Although practical, they lack the entertainment factor - a vital ingredient for success. This is not about devaluing the important role apps play in managing these serious health challenges or reducing them to just entertainment. It's about striking the right balance to make the app both useful and entertaining to use.
We use health apps to gain a better understanding about our physical and mental health and to reach the goals we set ourselves. So once we have decided to embark on this journey to stabilise our chronic conditions, reduce our back pain or become generally healthier, the apps we use must guide and support us. Ideally in a way that is engaging and, dare I say it, fun!
And this is where digital health apps have much to learn from the gaming industry. They should go much further than leader boards and simple rewards like stars or medals, core elements of so called gamification. It's not that health apps shouldn't use these mechanics, but the emphasis should be on behavioural change and habit forming, not competition.

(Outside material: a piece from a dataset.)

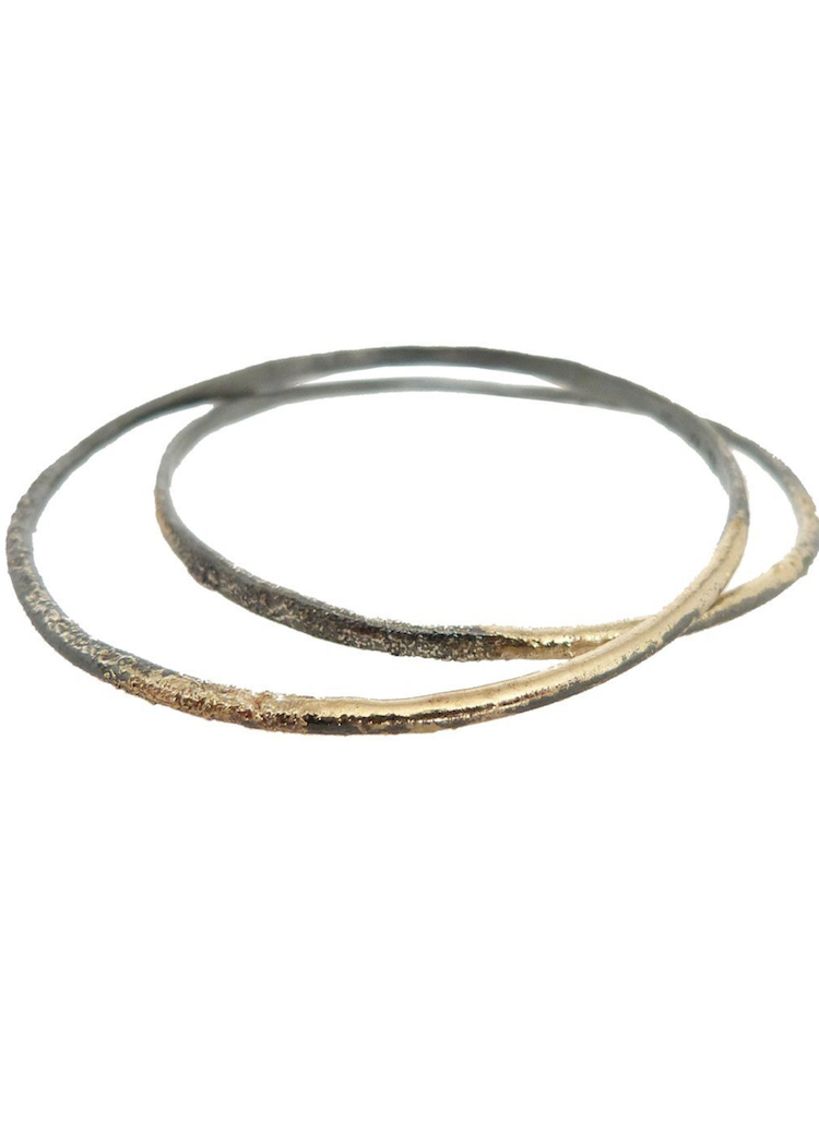 One of our favorites from KMJ! Easily layered with bangles you already have or it looks perfect on its own. Each bangle is hand-forged to a crescent shape that transitions from the side profile to the front. No two are alike. Smooth 18k fused gold melds seamlessly with textured 18k gold dust.

After all, we all begin our journey from different starting points based on metrics such as weight, height, but also pain location and intensity. And everyone's journey will pan out differently too: some will find it easier, others much harder to achieve the end goal.
Bearing those individual journeys in mind, digital health apps must make sure they don't push content that is irrelevant and can easily overwhelm. Apps must act as content curators to make sure that people receive information relevant to them and at the right time. This keeps the content short, easy to digest and bespoke.
An expecting mum ultimately will not be interested in Week 32 stories when she is only 14 weeks into a pregnancy.
Timely challenges and rewards along the way should be enough to prompt users to check in daily at a time that suits them. When we wait in line at the post office we might take a moment to log a quick update, or check progress, and use our evening downtime to explore an issue in more detail.
The last thing that people want are barriers preventing them from doing what they came for. Or a dead end they cannot come out of. Get this wrong and people will quickly become frustrated, lose interest and abandon the app altogether. And once they're gone, they are likely to be gone forever.
Ill health is no laughing matter. But if apps are serious about helping people to form positive, long-term habits then now is the time to bring some fun and games into health tracking and monitoring.